Season_End_Year,matches_played
1993,462
1994,462
1995,462
1996,380
1997,380
1998,380
1999,380
2000,380
2001,380
2002,380


The Premier League was reduced to *20 teams* starting from the *1995/1996* season. 
However, the first three seasons of the Premier League were played with *22 teams* in the league.

#### 4. Selecting seasons stats - results: home wins, draws, away wins and as well as percentage for each result type

Below an example for highest wins percentage - using **ORDER BY** statement:

In [18]:
%%sql
select 
	"Season_End_Year", 
    count("Season_End_Year") as matches_count,

    count(CASE WHEN "FTR" = 'H' THEN "FTR" END) as Home_Wins, 
    (cast(count(CASE WHEN "FTR" = 'H' THEN "FTR" END) as decimal(10,2))/cast(count("Season_End_Year") as decimal(10,2)))*100 as Home_Wins_Percentage,
    
    count(CASE WHEN "FTR" = 'D' THEN "FTR" END) as Draws, 
    (cast(count(CASE WHEN "FTR" = 'D' THEN "FTR" END) as decimal(10,2))/cast(count("Season_End_Year") as decimal(10,2)))*100 as Draws_Percentage,
    
    count(CASE WHEN "FTR" = 'A' THEN "FTR" END) as Away_Wins, 
    (cast(count(CASE WHEN "FTR" = 'A' THEN "FTR" END) as decimal(10,2))/cast(count("Season_End_Year") as decimal(10,2)))*100 as Away_Wins_Percentage

from premier_league_stats
group by "Season_End_Year"
order by  Home_Wins_Percentage DESC
limit 5;

 * postgresql://root:***@localhost:5432/pl_data
5 rows affected.


Season_End_Year,matches_count,home_wins,home_wins_percentage,draws,draws_percentage,away_wins,away_wins_percentage
2010,380,193,50.78947368421053,96,25.26315789473684,91,23.947368421052634
2006,380,192,50.52631578947368,77,20.26315789473684,111,29.210526315789476
2000,380,187,49.21052631578947,92,24.210526315789476,101,26.578947368421048
2017,380,187,49.21052631578947,84,22.105263157894736,109,28.684210526315788
2003,380,187,49.21052631578947,90,23.684210526315788,103,27.105263157894736


The highest percentage of *home wins* occurred during the *2009/2010* season, followed by the *2005/2006* season, with both seasons having a percentage *above 50%*.
Another interesting thing to note - during the *2018/2019* season, there were *less than 20%* of *draws*, specifically 18.68%.
Additionally, the season with the highest percentage of *away wins* was the *2020/2021* season, with *over 40%* of matches being won by the away team, which is significantly higher than second-highest away wins percentage of *33.95%** in *2021/2022*. 
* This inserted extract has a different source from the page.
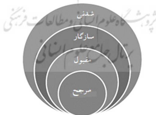
شکل ۳. اخلاق دیجیتال فلوریدی

بنابراین رویکرد فلوریدی، نوعی از درهم‌تنیدگی یا تلفیق اخلاق (سخت و نرم) و معماری (یا کد) فضای مجازی است، زیرا وی معتقد است که اصول اخلاقی، خارج از سیستم قوانین نیستند بلکه بطور ضمنی به صورت جزئی از اجزای قانون، در آن گنجانده شده‌اند. با این توضیح که ابتدا باید بررسی کرد که چه چیز شدنی و ممکن است سپس در این دایره، باید ارزیابی کرد که چه چیز با محیط زیست، سازگار است و سپس اینکه چه چیز از نظر اجتماعی مقبول و در نهایت مرجح است. (شکل ۳) بدین ترتیب قانون از «مجرا»ی اخلاق (و نه اینکه فقط توسط آن) شکل می‌گیرد و مقید می‌شود.

#### 5. Selecting seasons stats - goals scored and goals per game for each season

Below an example for highest goals per game rate - using **ORDER BY** statement:

In [19]:
%%sql
select 
	"Season_End_Year", sum("HomeGoals" + "AwayGoals") as Goals_Scored, 
    cast(sum("HomeGoals" + "AwayGoals")/count("Season_End_Year") as decimal (10,2)) as Goals_Per_Game
from premier_league_stats
group by "Season_End_Year"
order by Goals_Per_Game DESC
limit 5;

 * postgresql://root:***@localhost:5432/pl_data
5 rows affected.


Season_End_Year,goals_scored,goals_per_game
2023,1084,2.85
2019,1072,2.82
2022,1071,2.82
2012,1066,2.81
2011,1063,2.8


During the *2018/2019* and *2021/2022* seasons, the highest average number of goals scored per game was *2.82*. 
On the other hand, the lowest average number of goals scored per game occurred during the *2006/2007* season, with an average of *2.45* goals per game.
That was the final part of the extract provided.